▶ _TO DO_: Look below for the line with "A la izquierda" and the line with "Nouveauté pour cette"; repeat exactly those two lines and all lines between them, but no pictures.

▶ _SUPPLIED DATA_:
###

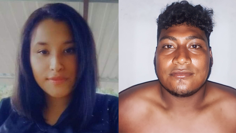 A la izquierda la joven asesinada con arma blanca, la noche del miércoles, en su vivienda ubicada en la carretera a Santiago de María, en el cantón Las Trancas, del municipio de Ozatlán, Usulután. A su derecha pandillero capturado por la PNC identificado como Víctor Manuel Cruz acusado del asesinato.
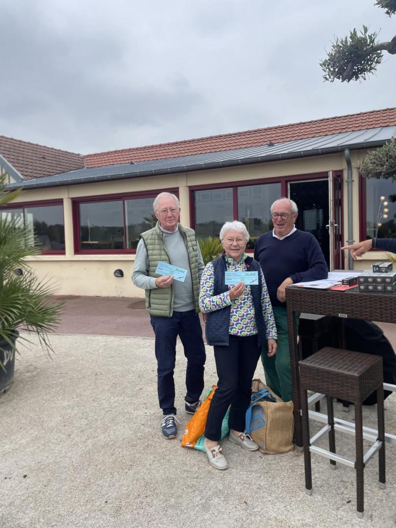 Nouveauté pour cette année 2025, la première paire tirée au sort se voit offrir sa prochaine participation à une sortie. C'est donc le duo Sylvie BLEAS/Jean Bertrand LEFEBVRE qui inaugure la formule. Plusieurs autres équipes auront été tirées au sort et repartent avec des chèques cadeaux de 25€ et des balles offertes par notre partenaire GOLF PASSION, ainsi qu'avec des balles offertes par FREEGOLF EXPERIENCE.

###

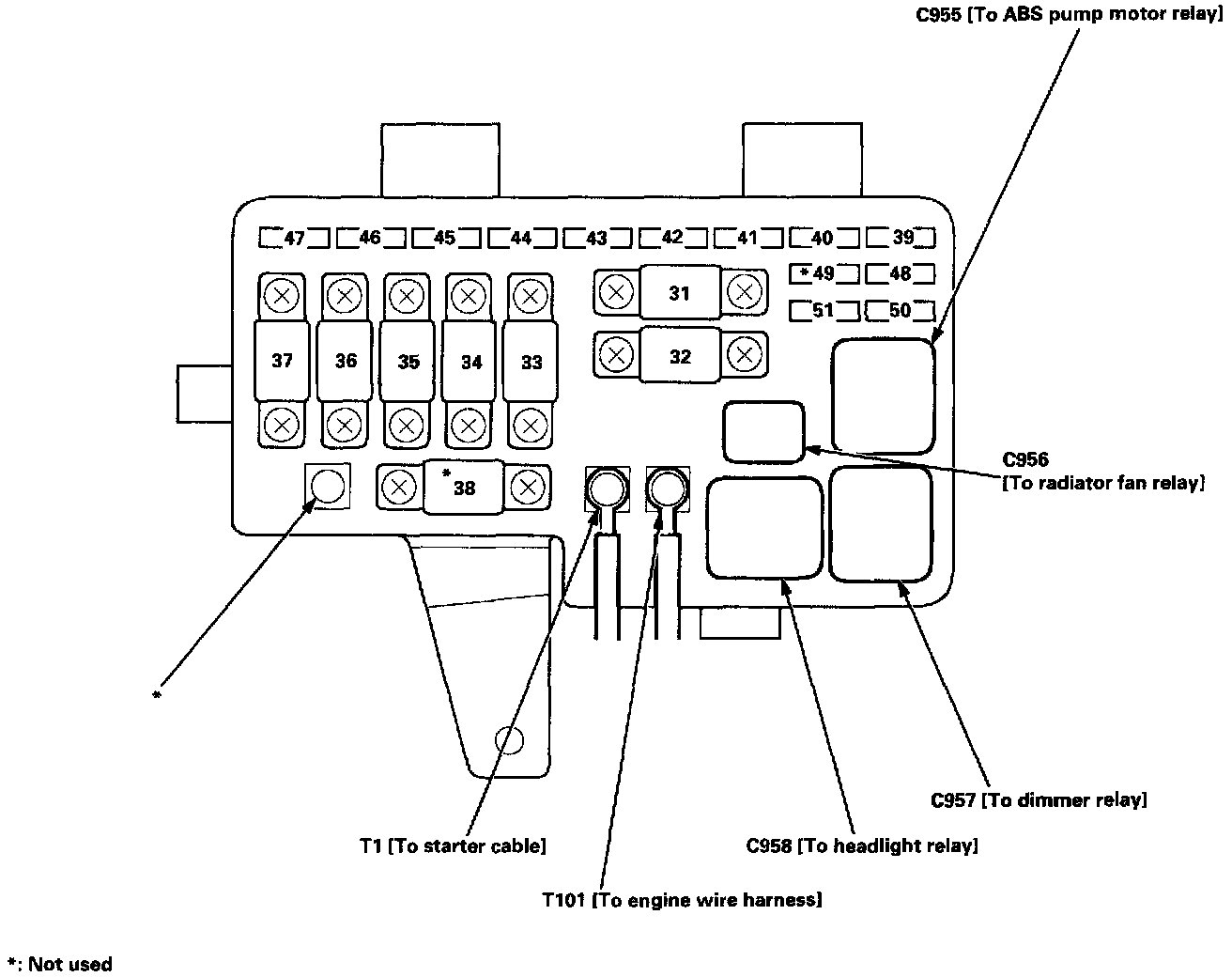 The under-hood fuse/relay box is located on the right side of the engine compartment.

###

▶ _RESPONSE TO THE EXERCISE_:
 A la izquierda la joven asesinada con arma blanca, la noche del miércoles, en su vivienda ubicada en la carretera a Santiago de María, en el cantón Las Trancas, del municipio de Ozatlán, Usulután. A su derecha pandillero capturado por la PNC identificado como Víctor Manuel Cruz acusado del asesinato.
 Nouveauté pour cette année 2025, la première paire tirée au sort se voit offrir sa prochaine participation à une sortie. C'est donc le duo Sylvie BLEAS/Jean Bertrand LEFEBVRE qui inaugure la formule. Plusieurs autres équipes auront été tirées au sort et repartent avec des chèques cadeaux de 25€ et des balles offertes par notre partenaire GOLF PASSION, ainsi qu'avec des balles offertes par FREEGOLF EXPERIENCE.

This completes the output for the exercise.